Но Бажена думала. И краснела от того, какая она все-таки глупая, не соблюдающая приличия девушка. Точнее, мечтающая их не соблюдать. Что, может быть, было еще хуже.
Родители никогда никуда не отпустят Бажену. В Институт особенно. Даже просто учиться. Отдадут только в руки мужа. И даже тогда, наверно, будут приезжать и давать ему советы, как управляться с женой.
— Нет, — ответил Драгомир. — Этому учит жизнь. Вы тоже научитесь. Я уверен, вы способны увидеть многое. Но сначала вам придется пройти босой по острым осколкам. Истина всегда острее ножа.
— Как будто истина не может быть доброй, — без запала, но все-таки с некоторым вызовом возразила Бажена.
— Не может. Я таких не видел.
— Значит, вам не повезло.
Драгомир улыбнулся.
— Может быть, — как-то слишком покорно согласился он.

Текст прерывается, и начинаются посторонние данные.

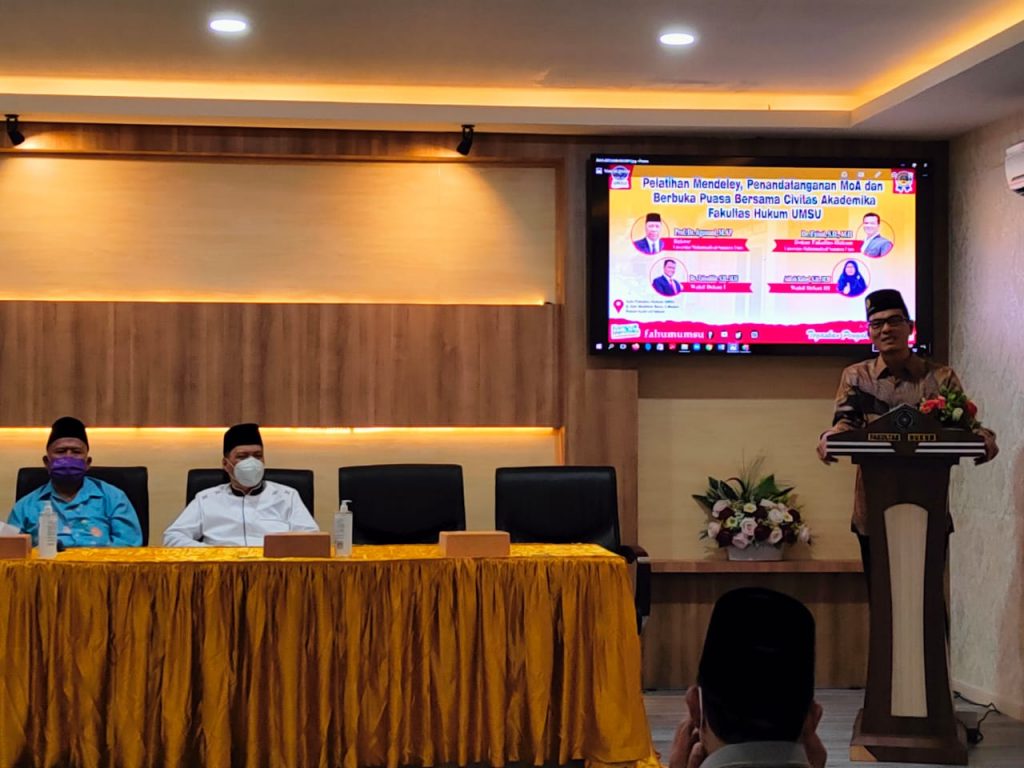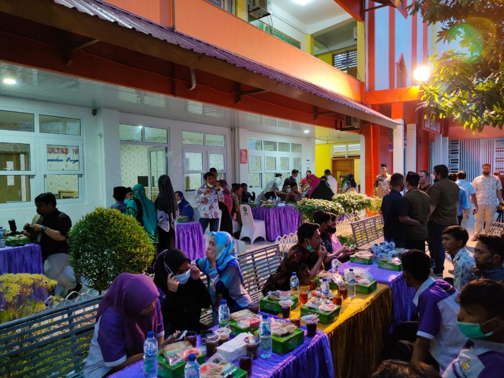 Diawali sambutan oleh Dekan Fakultas Hukum UMSU Bapak Dr. Faisal S.H., M.Hum menyampaikan terima kasih kepada para hadirin yang sudah mau berhadir dalam acara buka puasa, dan menyinggung sedikit permohonan kepada Rektor untuk meminta Pimpinan Pusat yang akan hadir pada sabtu 23/4/22 dalam rangka meresmikan Aula Baru Fakultas Hukum UMSU, sedangkan sambutan Oleh Rektor sedikit menyampaikan bahwa Kegiatan Buka Puasa Bersama oleh Fakultas Hukum merupakan, kegiatan Buka Puasa ketiga di lingkungan Universitas Muhammadiyah Sumatera Utara. Seperti halnya acara Buka Puasa pada umumnya Fakultas hukum juga mengundang bapak Drs. Mahmud Yunus Daulay M.A sebagai penceramah dengan materi ceramah 5 tingkatan orang yang bertaqwa dalam Islam, diantaranya Muslim, Mukmin, Mukhsin, Mukhlis dan Muttaqin. Dan di akhiri dengan Buka Puasa Bersama yang telah disediakan dengan cara kekeluargaan sebab selain dosen, turut pula keluarga besar fakultas hukum berhadir dalam acara tersebut. (21/4/2022)

Прогудели Медные часы. Бажена машинально сосчитала удары и в ужасе вскочила на ноги.
— Мне пора. Я давно должна быть дома.
Мужчина встал.
— Я вас…
— Нет! — Вена даже руку выставила ладонью к собеседнику, словно пыталась удержать его на расстоянии. — Не надо, мой экипаж рядом.
— Вы обиделись, — не столько спросил, сколько констатировал факт Драгомир.
Бажена посмотрела в темно-зеленые глаза.
— Правда и должна быть острой, разве не это вы говорили?
— Я не хотел, — смутился вдруг мужчина. — То есть не так хотел… Вы хоть поняли, что я сказал потом? Или увидели только одну сторону?
— Я посмотрю еще, — искренне пообещала Бажена. Этот разговор она вспоминать будет еще не раз, это она точно знала. — Потом. Но мне пора. И вам, верно, тоже.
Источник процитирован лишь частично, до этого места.